Tana couldn’t seem to stop from staring at the frozen screen, at the greedy expression on Gavriel’s face. Then she gave Valentina a lopsided grin. “I guess he quit. I mean, that’s like a Coney Island–style hot dog–eating contest.”

They looked at each other for a long moment and then started giggling uncontrollably.

“So you’re still going to Lucien Moreau’s?” Valentina asked, walking to a rack and taking down a long black gown with one hand and a golden gown with the other.

Tana nodded, walking over to pet the nap of the velvet. “If Jameson comes in, though, you better show him that video. The reason he told me about his friend being at Lucien’s was that he worried she’d get caught in the cross fire if Gav—if
the Thorn
came after Lucien. He wanted to warn her.”

She remembered what she’d said to him about Gavriel—that whatever he would do, he would do alone. But then why turn so many new vampires? Maybe she’d been very wrong.

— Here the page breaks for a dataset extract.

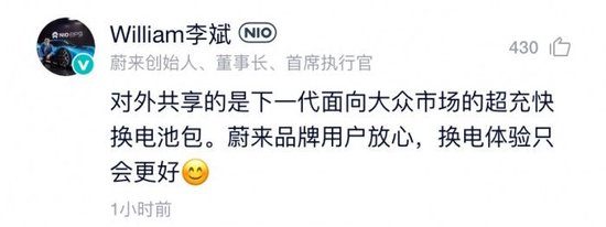 对此,李斌回应:对外共享的是下一代面向大众市场的超充快换电池包,换电车型和换电站都将基于 800V 高压快换平台打造。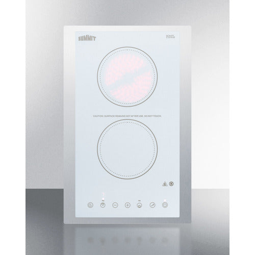 SUMMIT's collection of smooth-top radiant cooktops offers an easy-to-clean design with modern style built for smaller kitchen spaces. The CR2B15T2WTK15 is an ENERGY STAR certified 12" wide 115V radiant cooktop designed to fit popular 10 3/4" W x 19 7/8" D counter cutouts. The surface is made from smooth Schott ceramic glass in a classic white finish for a durable, modern look. This unit does not include a power cord and must be hard-wired by a professional. It ships with a stainless steel trim kit that allows the cooktop to be installed in 15" wide counter cutouts. Two 5 1/2" burners each feature 1200W operation to cover most cooking needs. The digital touch controls are located in the front for easier accessibility, preventing users from reaching over hot burners to make adjustments. Nine power levels provide true cooking versatility, with a digital display that makes it easy to read and manage the settings at the touch of a button. This unit also includes a timer function that lets you program a power level and cook time (up to 99 minutes). The burner turns off automatically when the cooking duration has finished. Safety features include a child lock function, automatic shutoff, and residual heat indicators for both elements. With its attractive design, ideal size, and intuitive touch controls, the CR2B15T2WTK15 brings a user-friendly cooking performance with reliable safety to small kitchen spaces.

“I think I’ll come with you,” Valentina said.

“To the party? Didn’t you just tell me that it was dangerous?” Tana tilted her head to one side, trying to puzzle out Valentina’s change of heart.

“I’m going to warn her,” Valentina said. “I saw her that once, so I can find her again. I owe Jameson.”

“Well, that’s good news for me.” Tana bent down and started unlacing her boots. “It’s always more fun to show up at a party with friends.”

CHAPTER 26

POST BY: MIDNIGHT

SUBJECT: SAD VAMPIRE

I thought I would be writing a different post. I know I promised I would tell you guys what it was really like beyond the walls of Coldtown, but I’m not sure I can bear to. In all my imaginings, I never thought it would be anything like this.

Now Winter is dead and I’m a vampire.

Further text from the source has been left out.